- [WHAT THE TASK REQUIRES]: Please output exactly the lines below, starting at the line that has "2年生の皆さんが家庭科の調理" and ending at the line that has "Biosfæreprogrammet er inddelt", both included; leave out all pictures and include nothing else.

(MATERIAL FOR THIS TASK Opens)

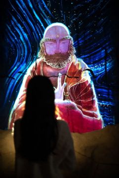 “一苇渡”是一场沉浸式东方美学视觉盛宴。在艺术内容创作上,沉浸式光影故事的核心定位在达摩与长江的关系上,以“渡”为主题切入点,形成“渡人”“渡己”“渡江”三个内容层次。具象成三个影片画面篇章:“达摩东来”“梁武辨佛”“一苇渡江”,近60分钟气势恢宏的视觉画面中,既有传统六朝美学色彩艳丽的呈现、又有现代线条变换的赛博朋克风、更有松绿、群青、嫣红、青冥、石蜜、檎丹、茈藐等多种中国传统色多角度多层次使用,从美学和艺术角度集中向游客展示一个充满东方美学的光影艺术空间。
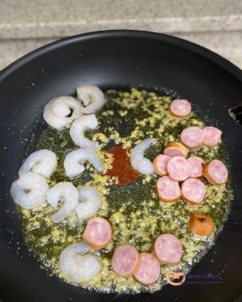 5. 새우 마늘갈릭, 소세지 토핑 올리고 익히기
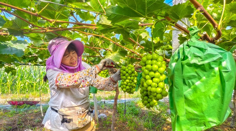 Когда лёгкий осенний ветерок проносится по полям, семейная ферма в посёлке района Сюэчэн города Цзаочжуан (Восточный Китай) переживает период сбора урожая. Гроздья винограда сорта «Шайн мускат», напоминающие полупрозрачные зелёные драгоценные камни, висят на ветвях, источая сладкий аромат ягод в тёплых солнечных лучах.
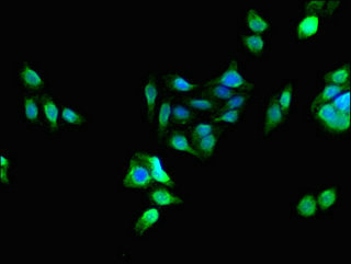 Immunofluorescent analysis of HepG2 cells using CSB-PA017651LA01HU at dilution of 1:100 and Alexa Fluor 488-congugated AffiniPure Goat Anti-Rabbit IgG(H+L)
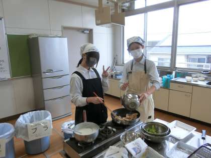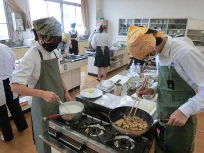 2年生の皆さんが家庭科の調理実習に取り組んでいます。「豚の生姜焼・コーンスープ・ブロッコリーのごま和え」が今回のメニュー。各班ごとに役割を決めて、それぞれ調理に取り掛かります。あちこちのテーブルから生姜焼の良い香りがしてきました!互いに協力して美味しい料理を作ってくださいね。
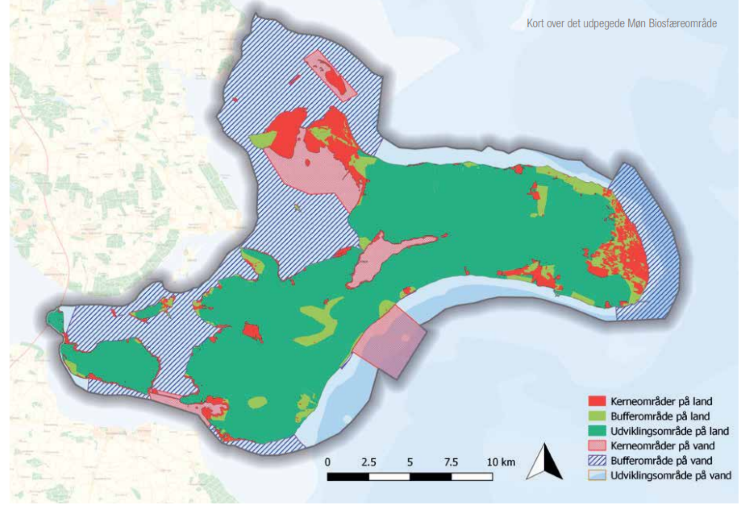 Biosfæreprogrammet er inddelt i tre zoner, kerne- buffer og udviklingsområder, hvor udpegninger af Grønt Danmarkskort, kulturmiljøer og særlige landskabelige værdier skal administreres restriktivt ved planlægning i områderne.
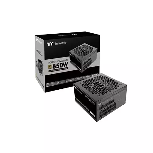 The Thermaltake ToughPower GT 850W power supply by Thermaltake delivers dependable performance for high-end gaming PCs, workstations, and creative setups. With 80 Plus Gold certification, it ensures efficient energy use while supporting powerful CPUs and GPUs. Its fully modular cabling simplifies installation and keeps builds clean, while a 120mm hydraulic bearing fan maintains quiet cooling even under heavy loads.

(MATERIAL FOR THIS TASK Closes)
(MATERIAL FOR THIS TASK Opens)

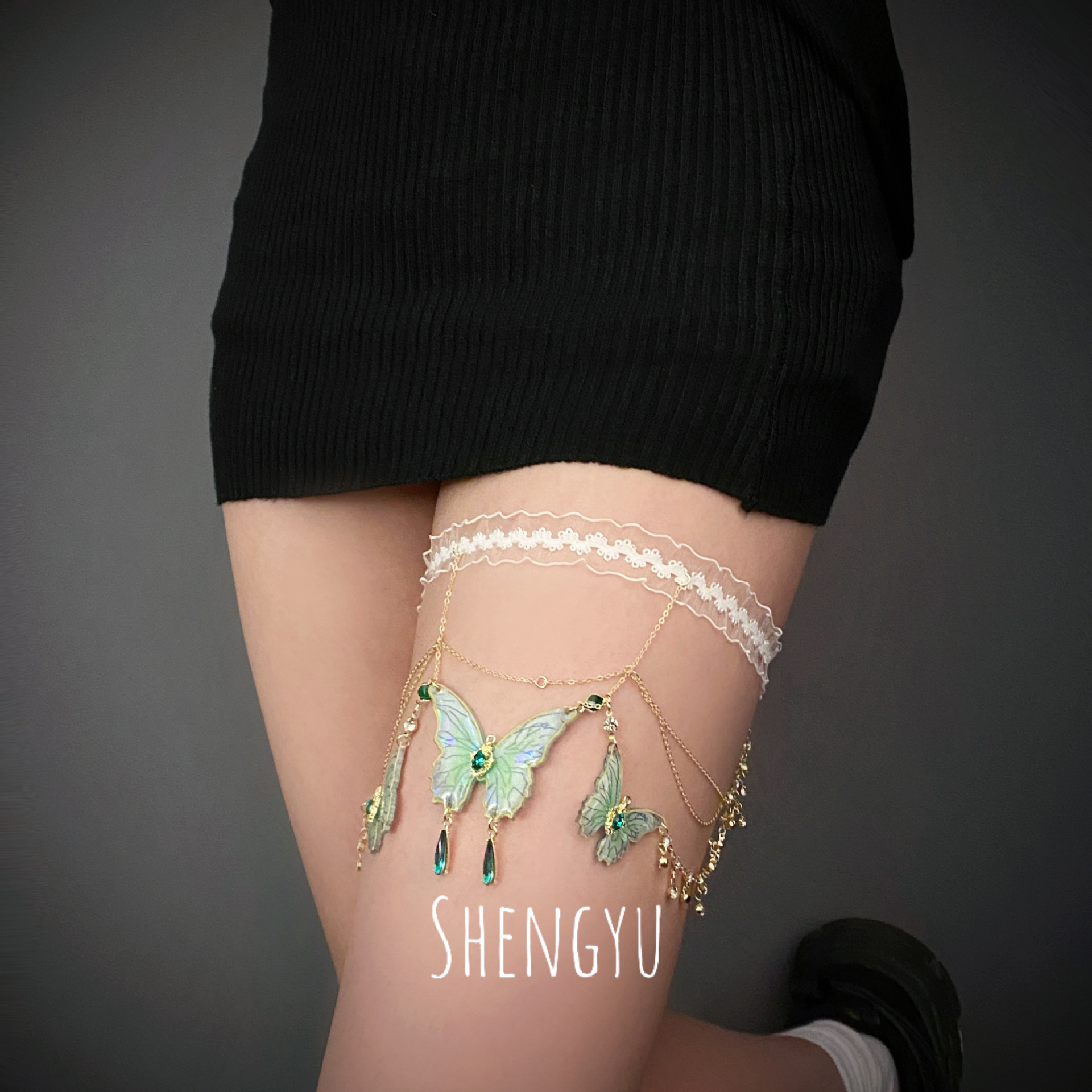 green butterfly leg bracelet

(MATERIAL FOR THIS TASK Closes)

- [WRITTEN REPLY]:
 2年生の皆さんが家庭科の調理実習に取り組んでいます。「豚の生姜焼・コーンスープ・ブロッコリーのごま和え」が今回のメニュー。各班ごとに役割を決めて、それぞれ調理に取り掛かります。あちこちのテーブルから生姜焼の良い香りがしてきました!互いに協力して美味しい料理を作ってくださいね。
 Biosfæreprogrammet er inddelt i tre zoner, kerne- buffer og udviklingsområder, hvor udpegninger af Grønt Danmarkskort, kulturmiljøer og særlige landskabelige værdier skal administreres restriktivt ved planlægning i områderne.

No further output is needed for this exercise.